* Supplied records
::::::::

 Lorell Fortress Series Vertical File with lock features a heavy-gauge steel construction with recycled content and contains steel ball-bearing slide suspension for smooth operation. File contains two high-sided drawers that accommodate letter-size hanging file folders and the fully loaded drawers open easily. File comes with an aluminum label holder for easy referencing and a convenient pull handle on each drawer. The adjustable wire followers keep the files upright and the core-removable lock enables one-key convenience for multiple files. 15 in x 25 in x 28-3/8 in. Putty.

::::::::

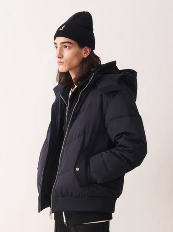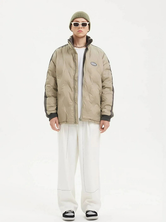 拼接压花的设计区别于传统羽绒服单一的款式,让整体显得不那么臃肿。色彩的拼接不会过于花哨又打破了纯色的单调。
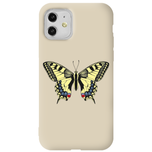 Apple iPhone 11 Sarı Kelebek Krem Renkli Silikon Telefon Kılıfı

::::::::

* Task objective
Above are records; write out the lines from the one with "拼接压花的设计区别于传统羽绒" down to the one with "Apple iPhone 11", exactly, leaving the pictures out.

* Answer section
 拼接压花的设计区别于传统羽绒服单一的款式,让整体显得不那么臃肿。色彩的拼接不会过于花哨又打破了纯色的单调。
 Apple iPhone 11 Sarı Kelebek Krem Renkli Silikon Telefon Kılıfı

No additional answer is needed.